Maj. Gen. Henry P. McCain will hold the first review of the 12th division at Camp Devens Saturday morning at 8:30. There will be 20,000 troops in line. Brig. Gen. John N. Hodges will lead the march at the head of the 23rd infantry [brigade]. Brig. Gen. John E. Woodward will head the 24th infantry brigade. The 212th engineers, 212th field signal battalion, 34th machine gun company and division trains will be the other units in order.

Construction has begun for a new laundry building at Camp Devens, where 300 women will be employed to do all the washing for the camp. It will be finished in a month and operated by the quartermaster corps, reclamation department.

Three persons were slightly injured on Tuesday at the camp when a motor bus containing fourteen passengers capsized when in collision with a motor ambulance. Miss Stella Brown, of Shurleville [sic], N.Y., received wounds of the face and shoulders; John R. Waldron, Company K, 74th Infantry, was cut over the left eye, and Ralph Spearin, Company 20, Depot Brigade, had his hands cut by flying glass. The injured were taken to the base hospital, where their wounds were dressed.

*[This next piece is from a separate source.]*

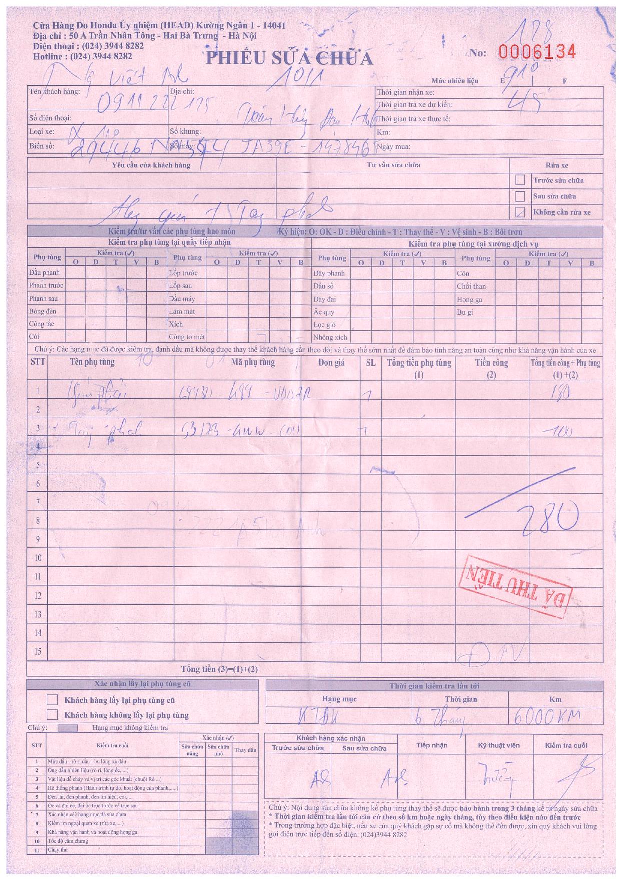 カウルの交換180,000vndとレバーの交換100,000vndで280,000vndだった。安いなあながち200,000vndも間違いではないのだろう。しかし事故の時に無くしたヘルメットのバイザー3500円これは戻ってこないぞ。 |

Quite a lively mixup took place in front of the C.R.P. Company’s store last Sunday afternoon when a “regular,” more or less under the influence of intoxicants, broke loose and started to clean up a few military police who had endeavored to quiet his unruly ways and escort him to a proper resting up establishment. For a few moments it seemed as though he was going to have his say in the matter, but reinforcements of local police officers and a few more military police, soldiers and officers finally got him in a non-combative position and there he rested until the patrol arrived for him from the camp. Here again a merry time was had in getting him into the patrol, but at last the combined efforts of his captors managed to bundle him in. In the mixup a state officer who got into the engagement with no chance for a war cross and a few military police received several good jolts that surely remained with them for a few days.

District Court. L. J. Wells, a soldier, and Minnie Regan, of Utica, N.Y., were charged with misconduct. The former was given over to the custody of the camp officials. The latter was found not guilty and discharged, upon condition that she return to her home and keep away from this section in the future.